An Independent Review Can Help Insulate Termination Decisions
This is particularly true when an employee has engaged in some form of protected conduct – such as taking leave under the Family and Medical Leave Act, as shown in a recent case from the U.S. Court of Appeals for the Tenth Circuit.
In Parker v. United Airlines, Inc., the employee fielded customer calls to book flight reservations. A number of months after she took FMLA leave, her supervisor claimed that she was avoiding customer calls by placing them on hold while chatting with co-workers. Following an investigation, including a meeting with the employee and her union representative, the supervisor recommended termination. Under the employer’s standard termination process, before termination could occur, a manager was selected to hold a meeting in which the supervisor, employee and the union representative could present arguments and evidence. The manager would then make a decision about termination. A terminated employee could then file a grievance to appeal the termination, and another manager would conduct a conference call in which the employee and union representative could present further arguments and evidence. The second manager would then decide whether to uphold or overturn the termination decision. Following this process, the first manager decided to terminate the employee, and her termination was upheld by the second manager. She then sued, alleging that she was actually terminated in retaliation for her use of FMLA leave, and that the manager(s) acted as the supervisor’s “cat’s paw” – i.e. that the supervisor’s illegal motive improperly influenced the decisionmaker(s).

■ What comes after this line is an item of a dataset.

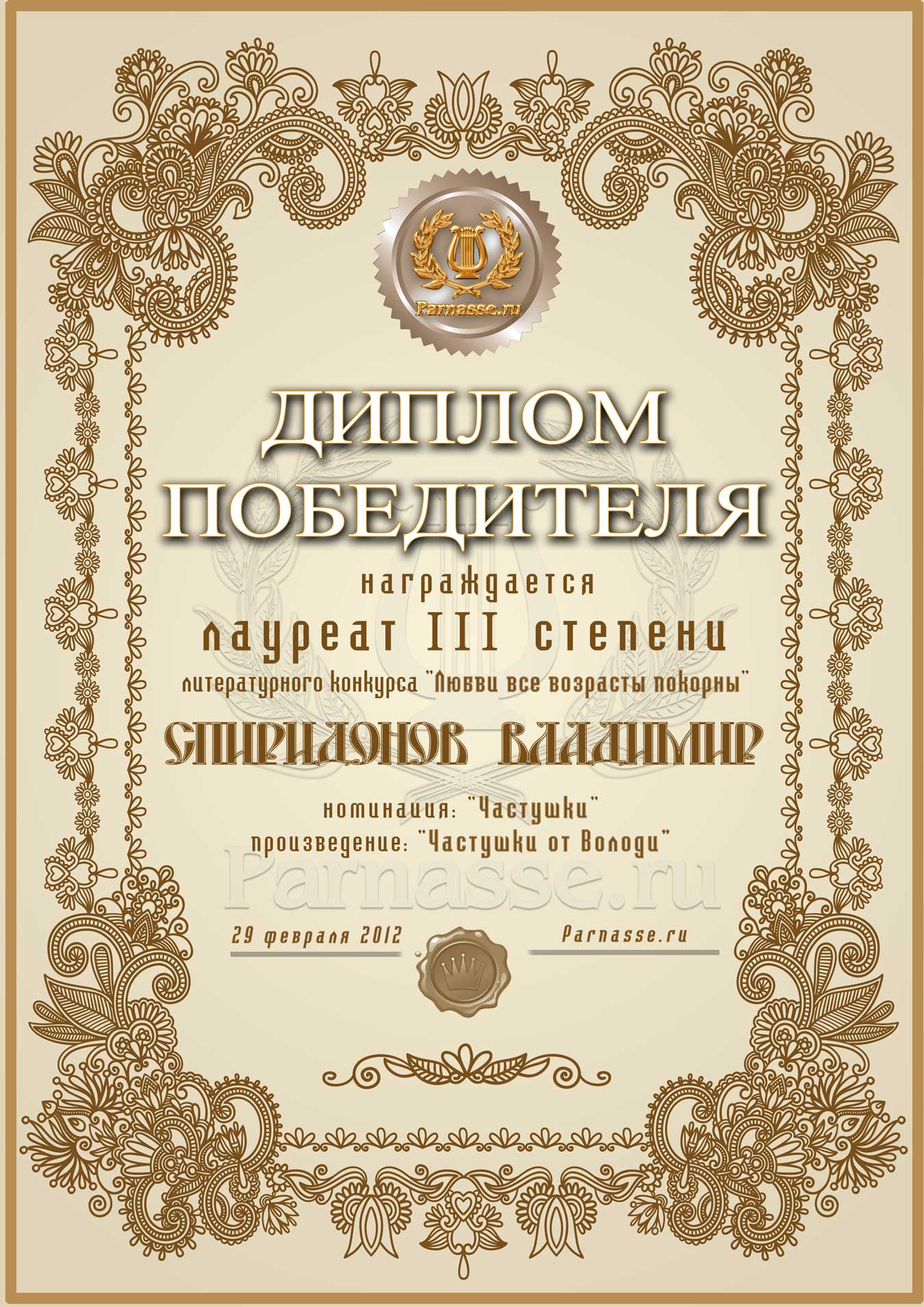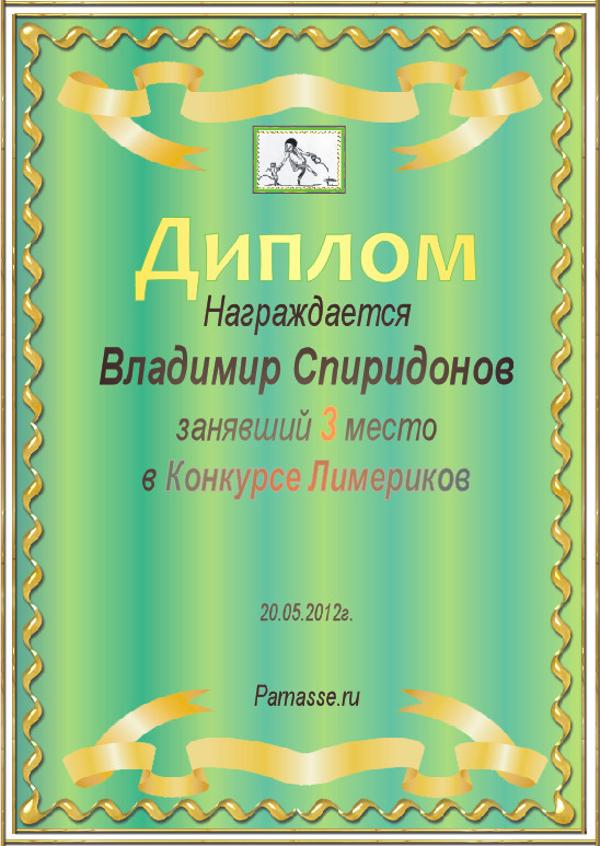 Диплом за 3 место в конкурсе лимериков №12 (20.05.2012.)

The Tenth Circuit, however, rejected her claim, stating that “Retaliation entails a causal link between an employee’s use of FMLA leave and the firing. That causal link is broken when an independent decisionmaker conducts her own investigation and decides to fire the employee.” Thus, by having a higher-level manager independently investigate the grounds for dismissal, the employer prevented the supervisor’s alleged bias from being connected to the termination decision.
Thus, for employers who are considering termination of an employee who has engaged in some form of protected activity – whether taking protected leave or perhaps complaining of discrimination or harassment – this case provides the useful suggestion that a full and independent review of the grounds for termination by a higher-level manager can provide a strong defense against a retaliation claim.